New Zealand–India Free Trade Agreement
- Type: Free Trade Agreement
- Context: Trade agreement between New Zealand and India
- Signed: 27 April 2026
- Location: New Delhi, India
- Sealed: 21 September 2026
- Effective: 20 October 2026
- Parties: New Zealand; India;

= New Zealand–India Free Trade Agreement =

Free trade agreement between New Zealand and India

The New Zealand—India Free Trade Agreement is a bilateral free trade agreement between New Zealand and India signed on 27 April 2026. It has not yet come into effect. On 17 September 2026, the New Zealand Parliament passed legislation implementing the free trade agreement. On 21 September, the two governments formally ratified the New Zealand-India free trade agreement, which will come into effect on 20 October 2026.

==Background==
Bilateral merchandise trade was worth US$1.3 billion in 2024–2025, with total trade in goods and services of US$2.4 billion in 2024. As of April 2026, bilateral trade between India and New Zealand was worth an estimated NZ$3.95 billion.

==History==
On 22 December 2025, the Indian and New Zealand governments announced plans to sign a free trade agreement in 2026. The agreement would eliminate tariffs on 95% of New Zealand exports to India including kiwifruits, apples, meat, wool, coal, and forestry. While certain New Zealand dairy exports such as re-exports and bulk infant formula will be duty-free, most dairy products will still be subject to tariffs. Milk albumins will be subject to a 50 percent tariff cut under a quota programme. In return, New Zealand will eliminate duties on all Indian exports, including textiles, apparel, leather, footwear, marine products, gems and jewelry, handicrafts, engineering goods and automobiles. In addition, New Zealand will invest US$20 billion in India over the next twenty years and improve visa access for Indian professionals, skilled workers and students. The NZ-India free trade agreement would also allow 5,000 Indian temporary migrants to enter New Zealand for the next three years, with a focus on information technology, engineering, healthcare, education, construction workers, Indian traditional medicine practitioners, yoga instructors, chefs and music teachers.

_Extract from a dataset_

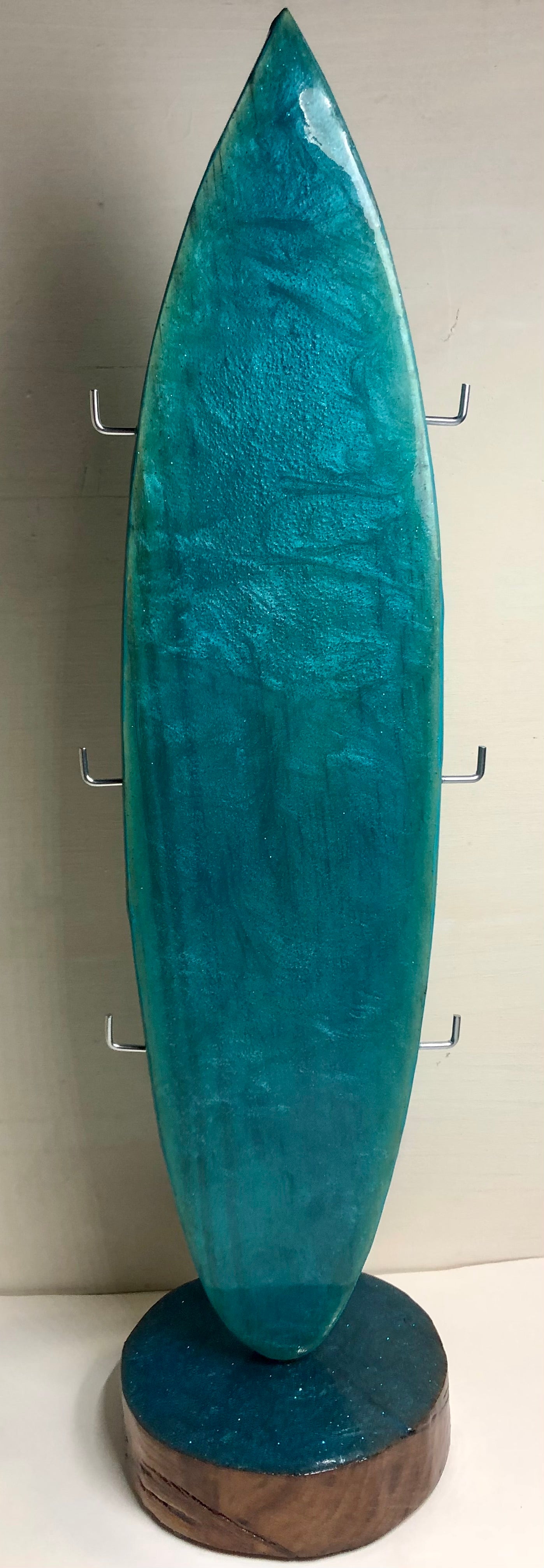 Porte clés sur pied, dragon. Socle en bois de chêne. Décor en résine

Several New Zealand agricultural and industrial bodies, including Export NZ, the NZ Forest Owners Association, the Meat Industry Association, Beef + Lamb New Zealand, Horticulture New Zealand, NZ Timber Industry Federation, and Wools of New Zealand, welcomed the free trade agreement. The Dairy Companies Association expressed disappointment that core products such as butter and cheese had been excluded from the agreement. New Zealand First leader Winston Peters opposed the agreement on the grounds that it disadvantaged New Zealand's dairy industry and boosted Indian immigration to New Zealand. Peters invoked the party's "agree to disagree" provision of its coalition agreement with the National-led coalition government. Concerns about the impact of the free trade agreement on migrant labour exploitation, transparency and the impact of immigration on unemployment, housing infrastructure, and race relations were also raised by the New Zealand Council of Trade Unions, the Maritime Union of New Zealand, NZ First deputy leader Shane Jones and Waatea News editor Matthew Tukaki.

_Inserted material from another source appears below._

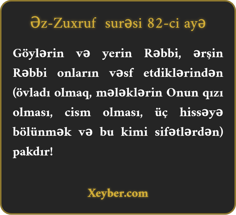 Göylərin və yerin Rəbbi, ərşin Rəbbi onların vəsf etdiklərindən (övladı olmaq, mələklərin Onun qızı olması, cism olması, üç hissəyə bölünmək və bu kimi sifətlərdən) pakdır!

On 23 April 2026, Labour Party leader Chris Hipkins confirmed that his party would support legislation enabling the agreement, giving the National and ACT parties the votes in Parliament needed, given that New Zealand First would vote against it. The free trade agreement was signed by NZ Trade and Investment Minister Todd McClay and Indian Commerce and Industry Minister Piyush Goyal in New Delhi on 27 April. New Zealand Prime Minister Christopher Luxon also attended the signing ceremony.

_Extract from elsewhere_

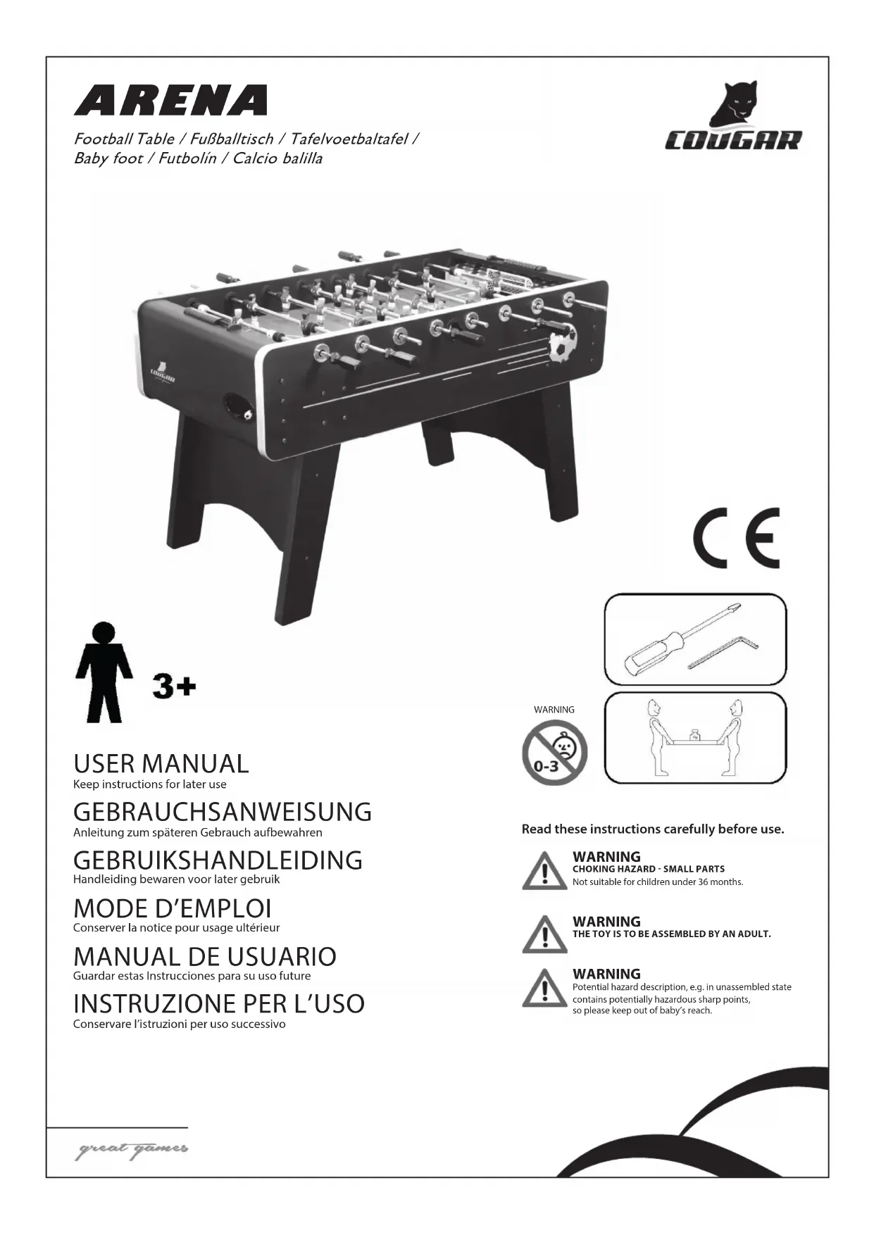 Arena - Baby-foot Cougar - Notice d'utilisation et mode d'emploi gratuit

On 17 September, the New Zealand Parliament passed legislation approving the free trade agreement by a margin of 93 to 29 votes. While National, ACT and Labour supported the bill, it was opposed by NZ First, the Green Party, Te Pāti Māori and independent MPs Mariameno Kapa-Kingi and Takuta Ferris. The Indian and New Zealand governments rarified the free trade agreement on 20 September, which will come into force on 20 October 2026.